I love this it's a beautiful thing <3 I actually keep a list on my phone of all the beautiful things he says and does to refer to when I'm low to remind me. It's really quite long :)

Also, maybe you should meet the people he's dating. I was half terrified by Purr's existence before I met her. It's a lot easier to fear the things you don't know. If you meet his girlfriends (if they want to meet you), you might find out that they aren't nearly as frightening or threatening as the girlfriends you've invented for him in your head.

But what if she's not? I know what she looks like, that's hard enough. She'll be really nice and I'll remember that every time I'm not nice to be around. Plus, I already feel (irrationally) that he's given parts of me away to her. My orgasms. Some of my fantasies that he's coincidently carried out with her. And now I just think of that all the time. What if I make that worse? I now already hate her. I really wish I'd met her early in.

Above all, keep telling him where you're comfortable and where you're not. It sounds like he has done some things that hurt you, that maybe neither of you expected would hurt you as much as they did. As long as he doesn't keep doing those things, or starts going behind your back, it sounds to me like he really does care about you. But if he starts being deliberately deceptive or hurtful, value yourself enough to leave the relationship.

Yes, all of this, thank you x

I think the first thing to do is decide what you need to feel loved, special, and secure, and communicate to him that you need that. If he loves you, he wants to work with you to help you be comfortable as much as you wish you were comfortable.

Hope that helps!

I am, we are and we will continue to do so..... Now more so with the tools I'm finding here.

It has helped. Thank you xxxx
 
*All* feelings are legitimate. If you have a feeling, you have a feeling.

The *thoughts* that accompany those feelings might not be legitimate, though. For example, jealousy is a feeling. Therefore it is legitimate and valid.

But "He's going to fall in love with a model and leave me" is a thought.
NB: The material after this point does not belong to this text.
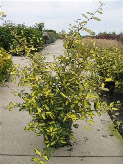 Elaeagnus pungens ‘Maculata’ blijft vrij laag tot 2 meter.
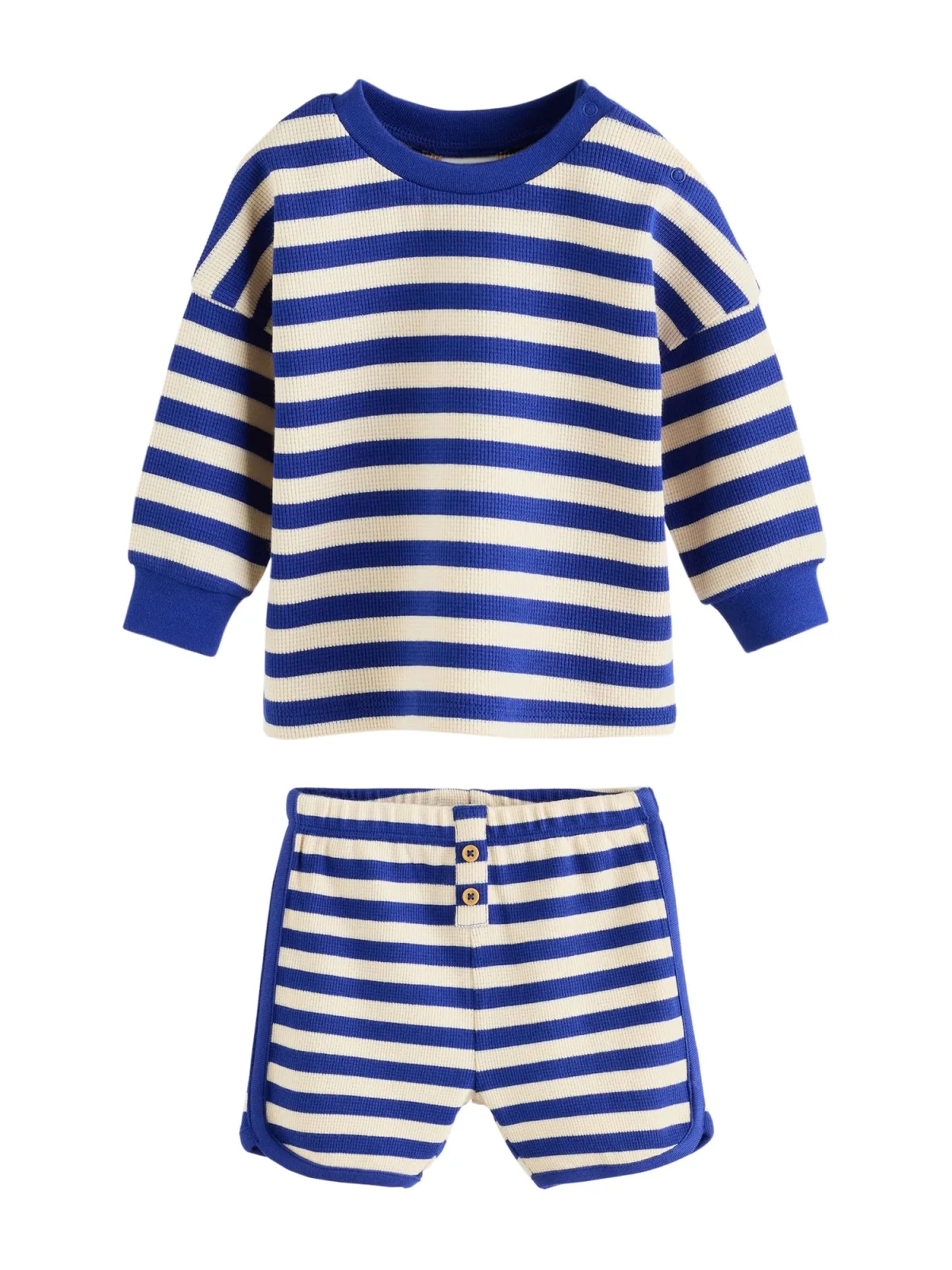 Design: Placket, Geribbelde kraag, Drukknopen; Materiaal: Katoen; Motief: Gestreept; Extra's: All-over patroon, Met textuur, Voelt zacht aan; Aantal per set: 2-delig; Lengte: Kort/mini; Setinhalt Kleidung: Shirt, Hose; Armlengte: Lange mouw

It's one that you intellectually know is not likely to be true. Therefore, it is not legitimate.

The trick with feelings vs. thoughts, especially if you have depression, which I know WAY too much about, believe me, is to say to yourself something like, "I'm feeling jealous. It's okay for me to feel that way." (acknowledging what you feel and reminding yourself that the feeling is legitimate and valid). "Why am I feeling jealous? Oh, Man has a date with that cute girl, and I'm afraid he might leave me for her. I know that won't happen, though, so I'm going to choose to stop thinking about that happening, and think about something more positive instead. Like chocolate." (identifying the thoughts *behind* the feelings, reminding yourself that they *aren't* valid, and giving yourself another course of action instead of dwelling on those negative thoughts.)

Sometimes, you might even need to shut yourself in the bathroom and say that out loud to your reflection in the mirror to get through the depression thoughts that are yelling in your brain. But it can help. At least, it helps me when I'm able to catch myself early enough in the depressive spiral. Fortunately, when I don't catch it early enough, Hubby's learned the spiel and walks me through it because he knows if I'm too far into the spiral, I can't always change my thoughts without external help.

But the most important thing to remember... be kind to yourself, be gentle to yourself, and VALIDATE yourself. You feel how you feel. You have a right to feel that way. Emotions happen, and we can't always control them. But we CAN control what we think, do, and say as a result of those emotions, and sometimes remembering that we have that control helps too.
 
I spent some time Thursday trying to help my husband through some feelings of insecurity. He kept apologizing for his feelings, which I don't believe anyone should do. This was my post to Facebook. He is not on there & none of my friends will understand the message but perhaps it may help you.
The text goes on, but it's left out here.